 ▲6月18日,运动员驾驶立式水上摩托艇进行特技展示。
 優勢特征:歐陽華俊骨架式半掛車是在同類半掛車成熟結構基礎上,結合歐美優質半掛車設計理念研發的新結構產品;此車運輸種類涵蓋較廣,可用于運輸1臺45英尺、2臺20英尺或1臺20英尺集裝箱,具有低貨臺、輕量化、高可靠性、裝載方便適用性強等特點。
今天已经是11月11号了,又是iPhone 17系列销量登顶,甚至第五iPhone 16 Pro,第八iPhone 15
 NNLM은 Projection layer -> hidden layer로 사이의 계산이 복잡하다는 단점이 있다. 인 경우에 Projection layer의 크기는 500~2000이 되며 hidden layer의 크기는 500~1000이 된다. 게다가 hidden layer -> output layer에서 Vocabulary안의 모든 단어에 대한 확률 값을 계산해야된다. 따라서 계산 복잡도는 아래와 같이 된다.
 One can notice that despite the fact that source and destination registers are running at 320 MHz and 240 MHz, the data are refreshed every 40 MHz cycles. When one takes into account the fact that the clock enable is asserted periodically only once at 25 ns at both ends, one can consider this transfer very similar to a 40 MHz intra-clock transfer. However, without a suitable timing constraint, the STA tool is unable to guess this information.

§ §

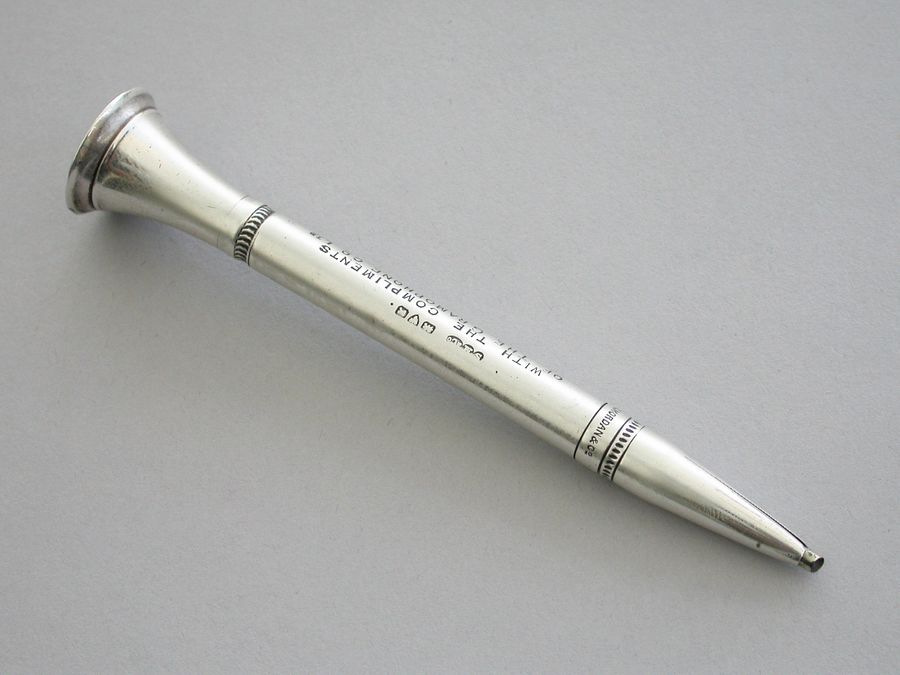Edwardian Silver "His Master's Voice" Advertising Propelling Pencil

§ §

Try it - Reproduce, exactly as they stand in the data above, the lines from the one that holds "今天已经是11月11号了,又是iPhone 17系列销量登顶,甚至第五iPhone 16" to the one that holds "One can notice", inclusive.

Reply to the exercise -
今天已经是11月11号了,又是iPhone 17系列销量登顶,甚至第五iPhone 16 Pro,第八iPhone 15
 NNLM은 Projection layer -> hidden layer로 사이의 계산이 복잡하다는 단점이 있다. 인 경우에 Projection layer의 크기는 500~2000이 되며 hidden layer의 크기는 500~1000이 된다. 게다가 hidden layer -> output layer에서 Vocabulary안의 모든 단어에 대한 확률 값을 계산해야된다. 따라서 계산 복잡도는 아래와 같이 된다.
 One can notice that despite the fact that source and destination registers are running at 320 MHz and 240 MHz, the data are refreshed every 40 MHz cycles. When one takes into account the fact that the clock enable is asserted periodically only once at 25 ns at both ends, one can consider this transfer very similar to a 40 MHz intra-clock transfer. However, without a suitable timing constraint, the STA tool is unable to guess this information.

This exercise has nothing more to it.